= Missing Children Europe =

116000 European missing children hotline number and logo.

Missing Children Europe is an organisation which aims to ensure that every EU member state has the necessary procedures and regulations in place to deal with cases of missing and/or sexually exploited children, and are able to both provide support for the victims, and take steps to prevent future disappearances. It is an umbrella organization for 33 NGOs in 27 countries throughout Europe, 32 European countries are running a 116000 hotline for missing children.

== History ==
Missing Children Europe was established in 2001 by Child Focus (Belgium), La Mouette (France), Aurora (Italy), Initiative Vermisste Kinder (Germany) and Rat auf Draht (Austria). Missing Children Europe gained financial independence in 2008, as it obtained a grant from the European Commission.

Missing Children Europe was the driving force behind the launch of 116 000, an emergency number which provides immediate support when children go missing.
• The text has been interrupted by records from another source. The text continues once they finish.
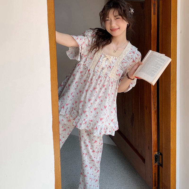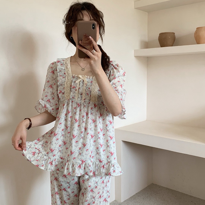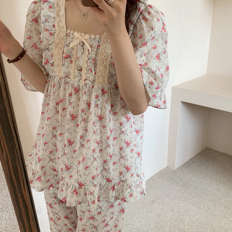 商品名称:(总)妍景家居生活馆 2025新款韩系蕾丝边碎花方领套装款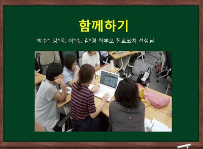 학부모 진로코치 선생님 세 분을 섭외하여, 00중학교 프로젝트 수업을 미술선생님과 함께 하셨습니다.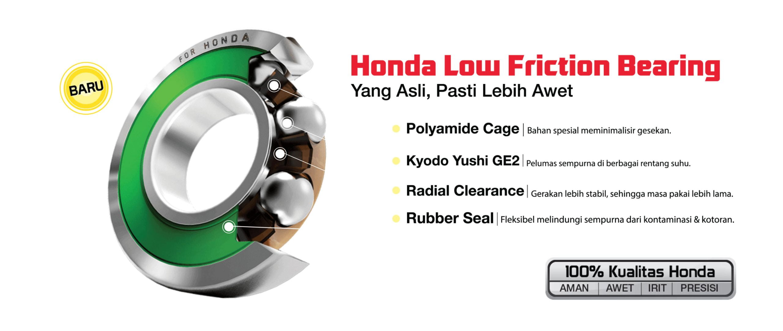 Melakukan pemerikaan rutin terhadap bearing setiap kelipatan 4.000km. Hindari kontaminasi debu dan kotoran pada saat pemasangan bearing. Segera ganti bearing apabila bearing pernah terendam air atau jika terdengar suara abnormal. Dan juga apabila bearing yang pernah lepas dari dudukannya. Gunakan gemuk yang sesuai serta hindari pemberian gemuk secara berlebihan, karena akan membuat debu/serbuk logam melekat pada bearing.

==Constituent organizations==
The 33 NGOs represented by Missing Children Europe are:
- Albania: ALO 116
- Austria: 147 Rat Auf Draht
- Belgium: Child Focus
- Bulgaria: Nadja Centre Foundation
- Croatia: Centre for missing and exploited children
- Cyprus: Consortium: SPAVO, HFC
- Czech Republic: Cesta z krize, z. ů
- Denmark: Børns Vilkår
- Finland: Lasten perusoikeudet, Kaapatut Lapset ry
- France: APEV, Droit d'Enfance - 116000 Enfants Disparus, La Mouette
- Germany: Weißer Ring
- Greece: The Smile of the Child
- Hungary: Kék Vonal
- Ireland: ISPCC
- Italy: SOS II Telefono Azzurro Onlus
- Latvia: Bezvests
- Lithuania: Missing Persons' Families Support Centre
- Poland: ITAKA Foundation
- Portugal: Instituto de Apoio à Criança, APCD
- Romania: Salvati Copiii
- Serbia: Astra
- Slovakia: Linka detskej istoty, n. o.
- Spain: Fundación ANAR
- Switzerland: Missing Children Switzerland, Fondation Suisse du Service Social International
- The Netherlands: The International Child Abduction Centre
- Ukraine: NGO Magnolia
- United Kingdom: Missing People
Missing Children Europe's members are experts in missing children covering prevention, support to missing children and parents, and cooperation with national law enforcement in the search of missing children.

== Funding ==
Missing Children Europe's receives a core operating grant from the European Commission's CERV Programme for its coordination of the 116000 European missing child hotlines network. MCE coordinates EU funded projects under the CERV, JUST, AMIF, and ISF programmes, and further receives project funding on issues of running away, unaccompanied minors, international child abductions and grooming and online sexual exploitation from various foundations. The remainder is collected through fundraising events, structural partnerships and membership fees.